Somewhat late in the process (when the building was largely complete) Lady Glenorchy wrote to the Rev John Drysdale in his capacity as Moderator of the General Assembly of the Church of Scotland in April 1774 seeking the approval of the Presbytery and explaining that the church was expressly aimed at the poor of the city and the alleviation of the overcrowded city churches. The Assembly were by no means comfortable with the arrangement and initially forbade ministers within Scotland from preaching there, forcing Lady Glenorchy to choose Presbyterian ministers from England. The chapel opened for worship in May 1774 with the first service being taken by visiting local ministers: Rev Robert Walker of St Giles and Rev Dr John Erskine of Greyfriars.

The first map showing the structure dates from 1778 (see right). It illustrates a simple box, somewhat larger than the adjacent Trinity College Church, with an entrance porch on the west side, in the traditional pattern. It held up to 2000 people.

Very unusually, the church was not under the control of the Church of Scotland but was ministered by Church of Scotland ministers. Lady Glenorchy was under full personal control until 1786 when, six months before her death, she transferred control to five trustees, all elders of the church.

From 1830 the idea of a railway station on the site was mooted and James Bonar WS (one of the elders) took control of the legalities and constructed an excellent deal with the railway company for the rebuilding, not only of the church, but also for a new orphan hospital and the careful dismantling and rebuilding of Trinity College Church. The fate of the original church was sealed by the Act of Parliament of 1836 which cleared the site for the building of Waverley Station but Bonar's web of contracts firmly protected the church's needs.

The protracted legal agreements were overtaken by other events and the congregation were still on site at the Disruption of 1843 when the Free Church split from the established Church of Scotland. In this particular instance the bulk of the congregation joined the Free Church, and the funds from the railway company were used to build Lady Glenorchy's Free Church at Greenside, Edinburgh (by John Henderson) which was completed in 1846.

From 1843 to 1846 the Free Church section of the congregation had met in the school hall of the Royal High School until completion of the new church in Greenside in 1846. It had a congregation of 750 at this point.

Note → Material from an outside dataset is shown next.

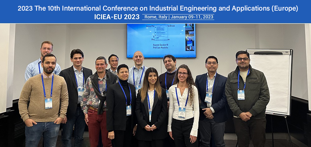 2023 The 10th International Conference on Industrial Engineering and Applications (Europe) was held in Rome, Italy during January 09-11 successfully. More than 80 experts from about 14 countries joint and shared the latest research on the hybrid conference. The sincere appreciation extends to all the individuals who have contributed to ICIEA-EU 2023 in various ways. Special thanks are extended to our colleagues in the program committee for their thorough review of all the submissions, which is vital to the success of the conference, and also to the members in the organizing committee who had devoted their time and efforts in planning, promoting, organizing and helping the conference. Accepted papers were published in ACM (ISBN: 978-1-4503-9853-4). (Online) Successfully indexed by EI Compendex and SCOPUS.

However, this left the established Church of Scotland portion of the congregation without a home, and a three-way legal debate began between the railway company and the two halves of the congregation (as the railway company had never intended to agree to build two churches). This was eventually resolved in 1856 when the Church of Scotland congregation found premises on Roxburgh Place to the south. James Bonar (although now in the Free Church) resolved this issue and the congregation formally moved to Roxburgh Place in 1859.

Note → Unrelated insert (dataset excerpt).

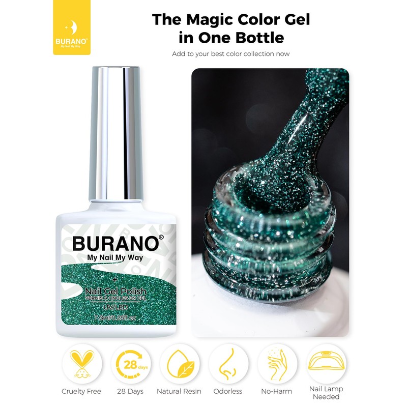 - Long Lasting For 21 Days: BURANO reflective glitter gel polish can last 21 days for your nail, gel polish colors diamond effects, no lifting, no damage sparkle colors nail polish, diamond polish for nails glitter nail gel polish
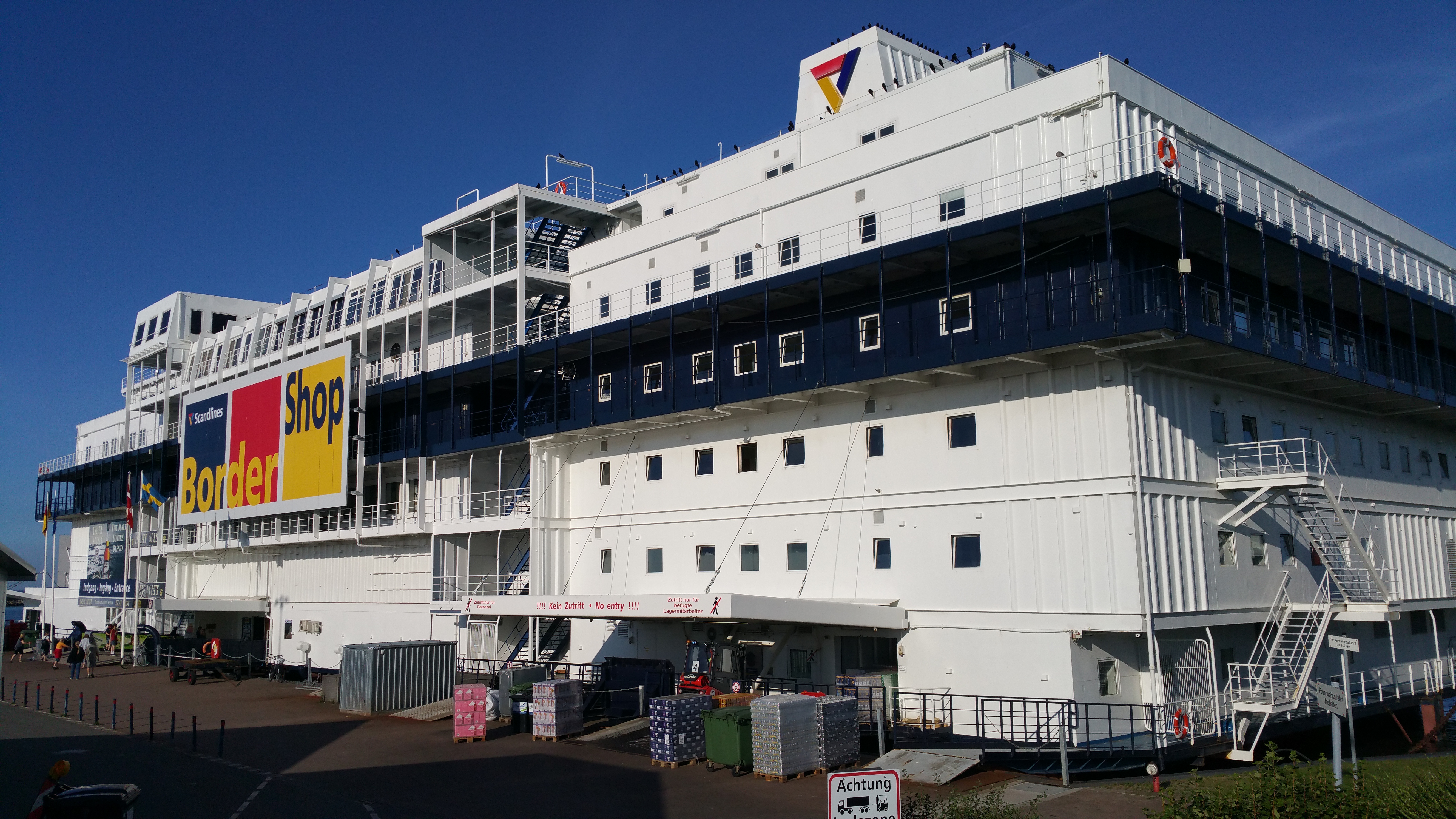 Puttgardenissa tuli käytyä viereisessä Bordershopissa. Ensi alkuun vaikutti että ”eihän nää hinnat mitään edullisia ole” ennen kuin tajusi että reilun 20 € hinta sisälsikin 3 lavaa olutta yhden sijasta 😀

From 1900 the Church of Scotland and Free Church of Scotland partially reunified and the two buildings were thereafter known as Lady Glenorchy's North Church and Lady Glenorchy's South Church. The latter building was rebuilt in 1913 to designs by Peter MacGregor Chalmers and is now used as the Roxburgh Assembly Rooms.

Ironically, the only picture of Lady Glenorchy's Chapel dates from 1846 (right) and was taken by Hill & Adamson whose studio was only 100m away. The photo is misidentified in some sources as "the orphan hospital", which had already relocated to Dean Orphanage as the first use to decant the site in the 1830s (again under the skilful guidance of James Bonar who secured a truly spectacular building at railway company cost). The misidentification appears to stem from being the last remaining building within the orphanage grounds.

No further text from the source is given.